[Data excerpts]
[Start of Attachment]
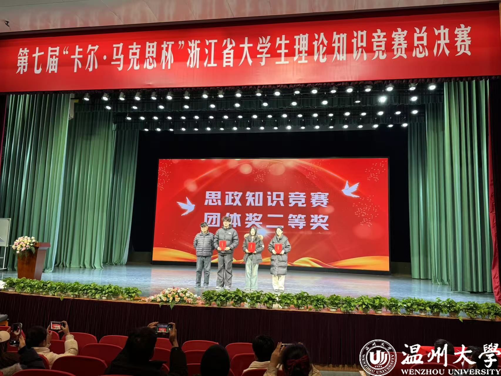 日前,第七届“卡尔•马克思杯”浙江省大学生理论知识竞赛总决赛成绩公布,温州大学硕士研究生代表队精诚合作、共同努力,最终获2项个人一等奖、1项思政课学习标兵,7名学生获得二等奖、三等奖,7名教师获优秀指导教师和优秀组织工作奖,温州大学代表队获团体二等奖(全省第4名)。
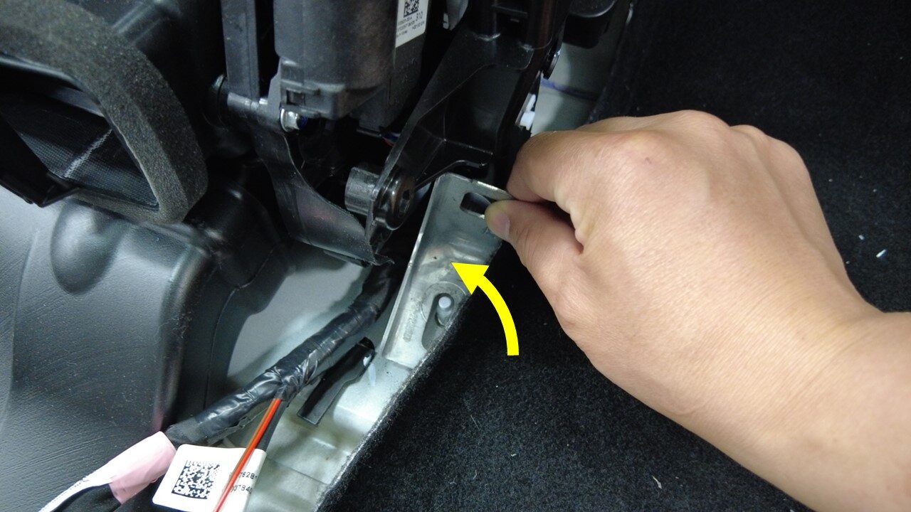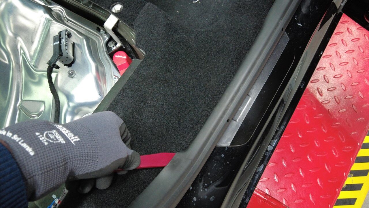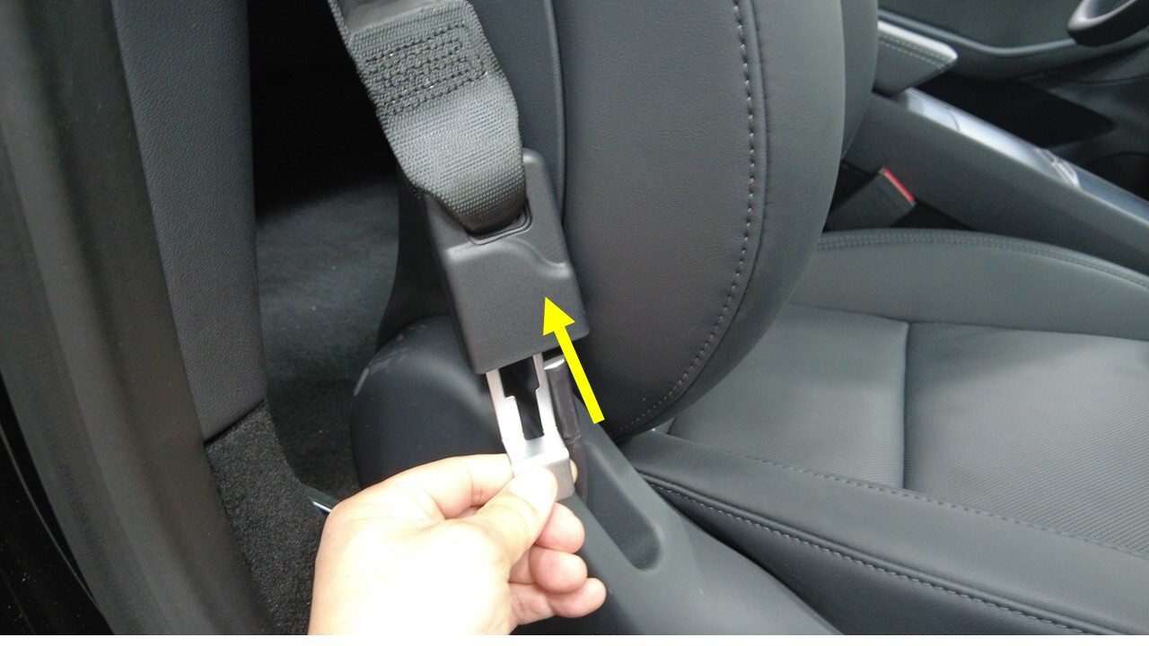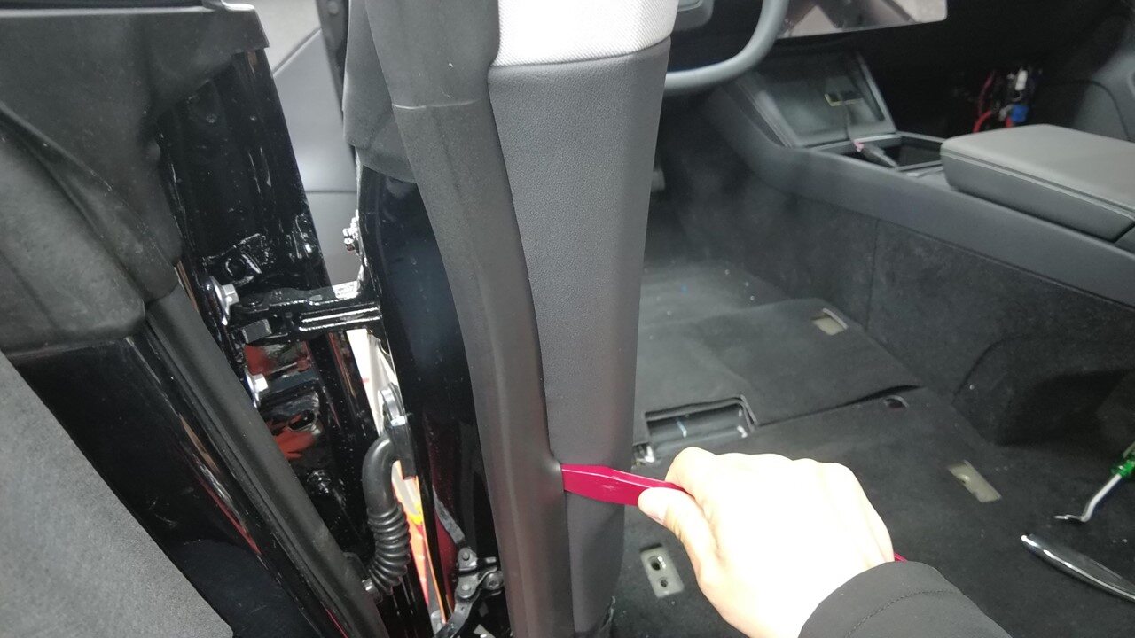 注Insert retractor into seat pre tensioner, Make sure it locks into position with push-pull-push test
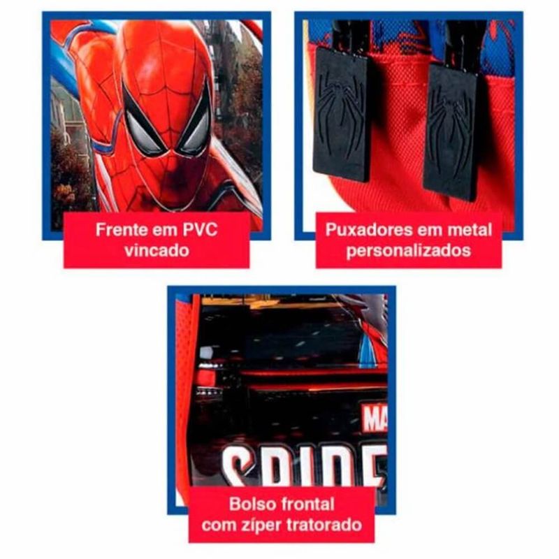 Kit Mochila de Rodinhas Infantil Spider Man R1 - Xeryus As crianças vão ter mais um incentivo para a volta às aulas com o Kit Mochila de Rodinhas Infantil Spider Man R1 - Xeryus. Através da identidade do Homem-Aranha, o tímido e desajeitado Peter Parker pode ser tudo o que não é: solto, engraçado e destemido. Detalhes: Tamanho: 16 Alça de mão em nylon Painel frontal PVC Cristal Produzida em poliéster resistente e estampado Compartimento principal amplo 2 bolsos laterais em mesh com elástico Zíper com puxadores simples Carrinho em metal com travas Recomendação: para crianças a partir de 03 anos de idade Especificações: Embalagem (C x A x L): 30 x 40 x 15 cm Embalagem (Peso): 900gr Certificado: Órgãos Autorizados - OCP´S (Organismos de Certificação de Produtos) Embalagem com 01 Mochila Imagens meramente ilustrativas, as cores podem variar em cada tela ou monitor.
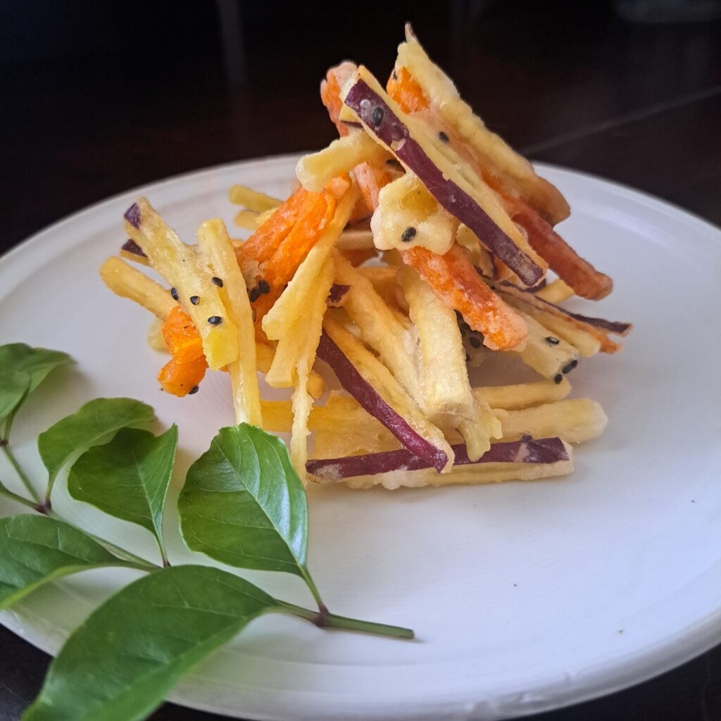 ”がね”とは熊本県天草地方で蟹のことを”がね”と言い、揚げたさつまいもが手を広げた
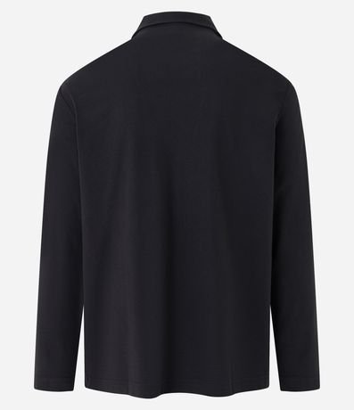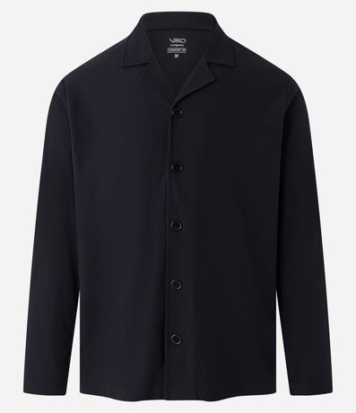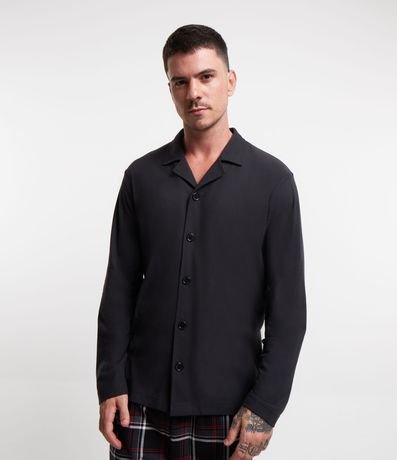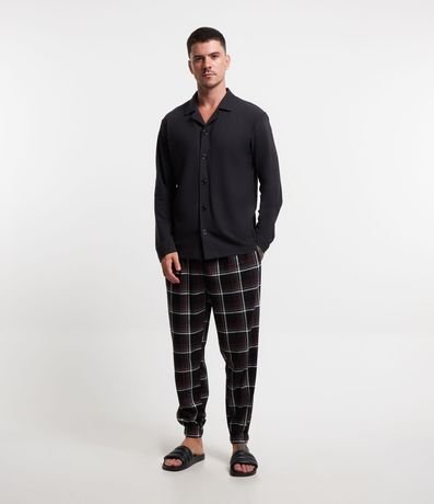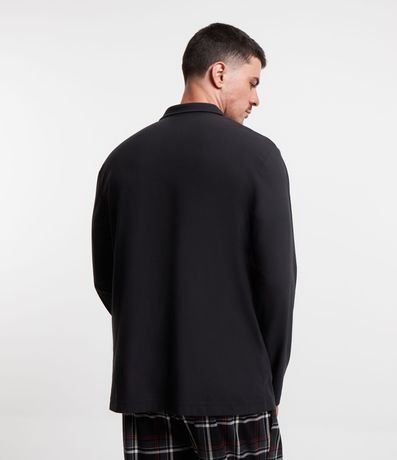 Pijama masculino, modelo camisa em fleece, com gola lapela, abotoamento frontal, mangas longas e superfície sem estampa.
[End of Attachment]
### What the exercise asks
Quote exactly, and only, the lines from the line containing "注Insert retractor into" through the final line of the records above, both included, omitting any pictures.

### Worked solution
 注Insert retractor into seat pre tensioner, Make sure it locks into position with push-pull-push test
 Kit Mochila de Rodinhas Infantil Spider Man R1 - Xeryus As crianças vão ter mais um incentivo para a volta às aulas com o Kit Mochila de Rodinhas Infantil Spider Man R1 - Xeryus. Através da identidade do Homem-Aranha, o tímido e desajeitado Peter Parker pode ser tudo o que não é: solto, engraçado e destemido. Detalhes: Tamanho: 16 Alça de mão em nylon Painel frontal PVC Cristal Produzida em poliéster resistente e estampado Compartimento principal amplo 2 bolsos laterais em mesh com elástico Zíper com puxadores simples Carrinho em metal com travas Recomendação: para crianças a partir de 03 anos de idade Especificações: Embalagem (C x A x L): 30 x 40 x 15 cm Embalagem (Peso): 900gr Certificado: Órgãos Autorizados - OCP´S (Organismos de Certificação de Produtos) Embalagem com 01 Mochila Imagens meramente ilustrativas, as cores podem variar em cada tela ou monitor.
 ”がね”とは熊本県天草地方で蟹のことを”がね”と言い、揚げたさつまいもが手を広げた
 Pijama masculino, modelo camisa em fleece, com gola lapela, abotoamento frontal, mangas longas e superfície sem estampa.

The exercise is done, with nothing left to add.